Kolkata, 08 Feb 2020 15:00 IST
The director duo, Sudeshna Roy and Abhijit Guha, have presented a beautiful blend of the two narratives dealing with relationships, leading the climax to a satisfactory ending.
Sudeshna Roy and Abhijit Guha’s film Sraboner Dhara primarily attempts to tell a story of relationships, with addressing the most humane approach of treating Alzheimer's, a disease that most of the individuals develop at a later stage of their life.
The director duo have presented a beautiful blend of the two narratives, leading the climax to a satisfactory ending. Not only that, it completes the journey of all the characters, but it also provides a solution to treating the disease, which is practical and has a philosophical connotation as well.
There are two major characters in the film, who are not directly related to each other, but complement each other’s journey. Struggling in their individual crisis, they hardly realise when circumstances bring them to the opposite ends of the spectrum. While one gifts the other the value of unconditional love, that doesn’t mind sacrificing one’s own identity, the other teaches the importance of friendship and individual identity in sustaining a relationship.

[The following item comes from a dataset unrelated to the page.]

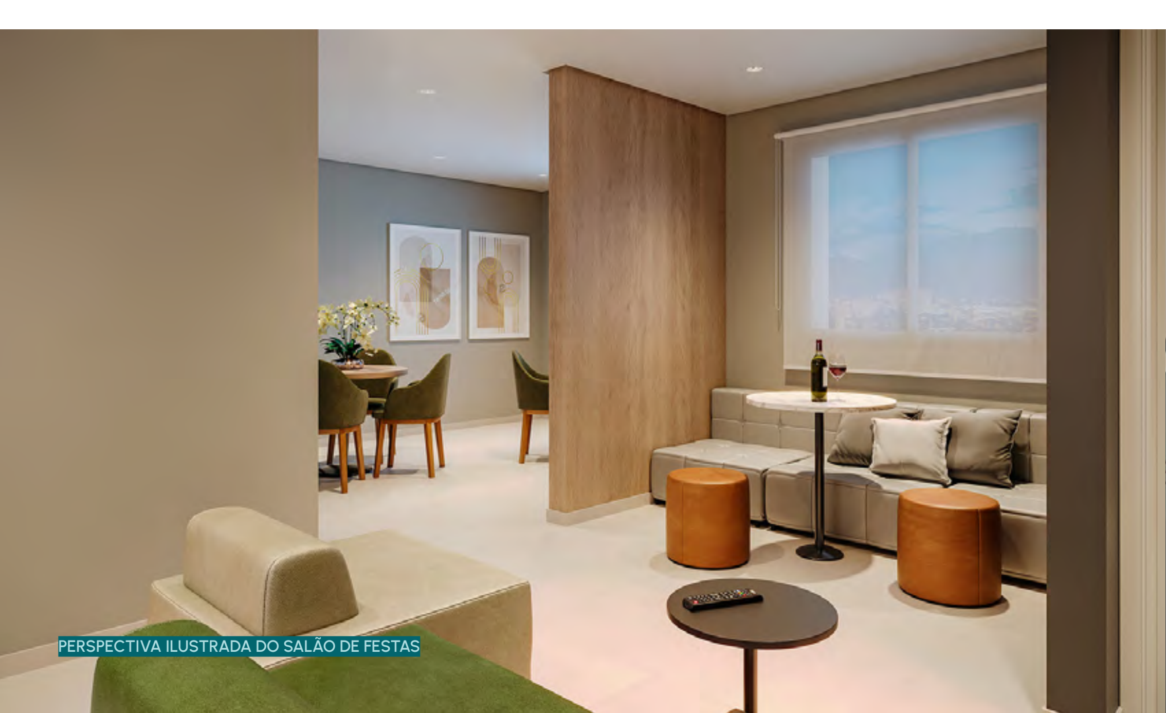
PERSPECTIVA ILUSTRADA DO SALÃO DE FESTAS

Dr Nilabha Roy (Parambrata Chatterjee) is about to get a divorce from his wife (Basabdutta Chatterjee) and goes on a separation for two months, when he gets to treat Dr Amitava Sarkar (Soumitra Chatterjee), an older Alzheimer's patient. Sarkar's wife, who is much younger than him, introduces herself as Subha Sarkar (Gargee Roy Chowdhury). Nilabha makes it clear to Subha that Alzheimer's cannot be fully treated clinically; however, to help improve his condition, Subha must be by his side and help him sustain his memory.

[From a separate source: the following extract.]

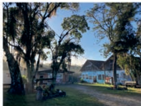
Skolen i morgengry

Skoledagen fylles videre med en blanding av undervisning og arbeid. Teorien tar for seg alt fra plantevitenskap og biologi til marxistisk tenkning og urfolksspråket guaraní, som i tillegg til å være offisielt språk i Paraguay og viktig minoritetsspråk i Brasil, snakkes av flere av klassens studenter. Studentene velger seg også
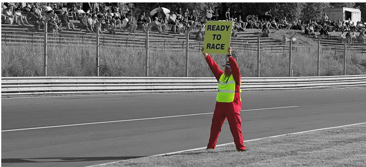
Sevärda race när Supercupsfinalen avgjordes på "ringen".

Nilabha struggles to sustain a relationship with his wife, and he has also gradually lost touch with his family and friends, in his journey of being a successful and celebrated doctor. He fails to strike a balance with his parents and wife, who prefer the little joys of life, togetherness and simple living rather than leading a so-called ‘high quality’ life.

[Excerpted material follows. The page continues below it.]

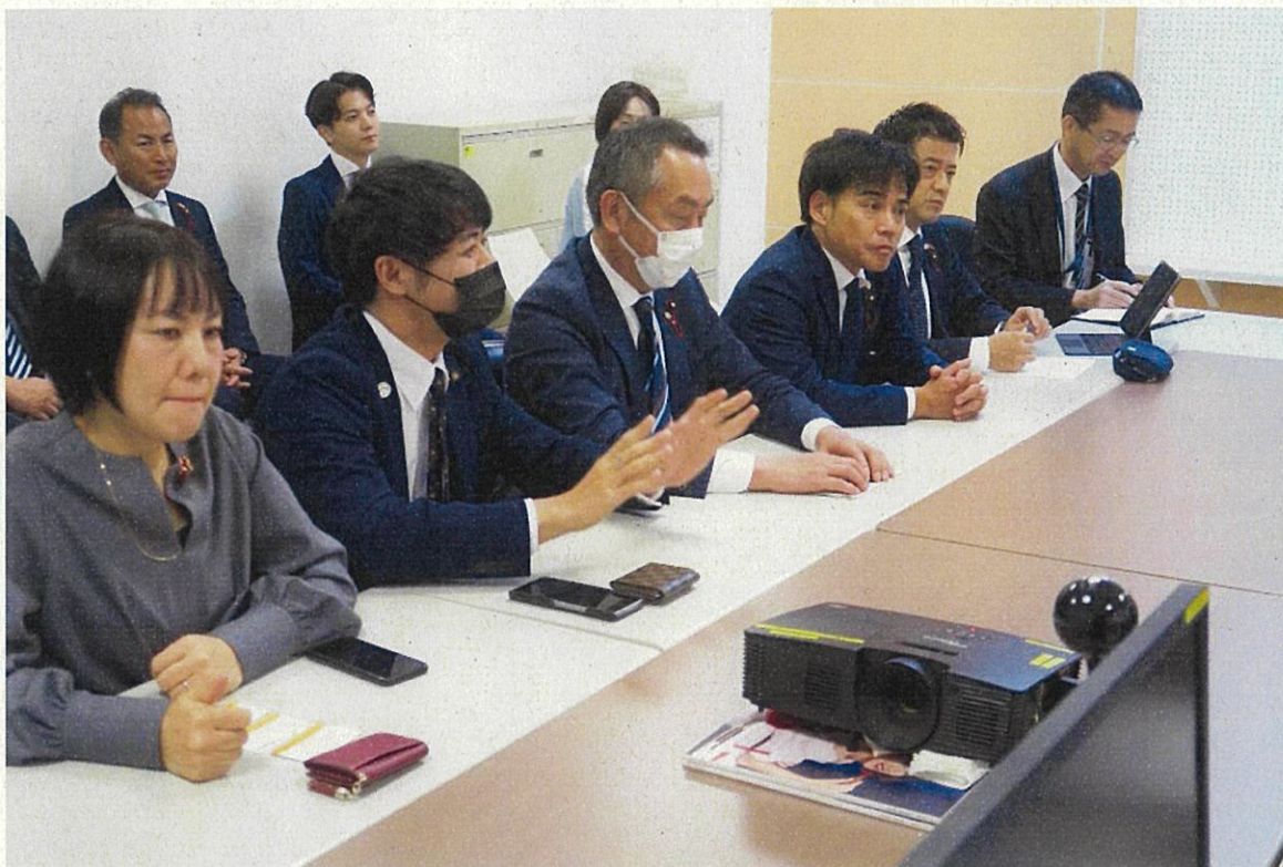
タイガーエア社との意見交換

As Nilabha stays adamant on hislifestyle views, he comes across the most amazing manifestation of love, as Subha sticks by her husband, who at times forgets the first time they met. She fumbles, gets embarrassed and plunges into despair; she also anticipates the worst, that one day her husband might not recognise her, but she makes sure to present herself before him with all the motifs, that keeps his memory alive.
Nilabha wonders at the young woman's dedication; she has a lot to explore in life, but chooses to stay beside a man, who perhaps cannot give nothing in turn. The words of complaint and reprimand of his father and wife begin to echo within in him and hit him hard.
The film not only narrates the journey of transformation of Nilabha, but it also pushes Subha towards a more meaningful existence. There are beautiful moments of equation between Amitava and Subha, which are both heart-wrenching and delightful.
Scriptwriter Padmanabha Dasgupta has done a good job of weaving in the script with important details, that will remind the audience of the importance of staying empathetic and humble in life, without getting preachy at any point. Rather the script creates an engrossing experience that doesn’t bore the audience, despite having a serious narrative with no elements of momentary entertainment.
The twist in the second half is totally unexpected and adds to the narrative of unconditional love. It also lends a different dimension to Nilabha’s character, as he proves to surface beyond his apparently selfish position and extends his gesture of adding meaning to others' life, along with his own.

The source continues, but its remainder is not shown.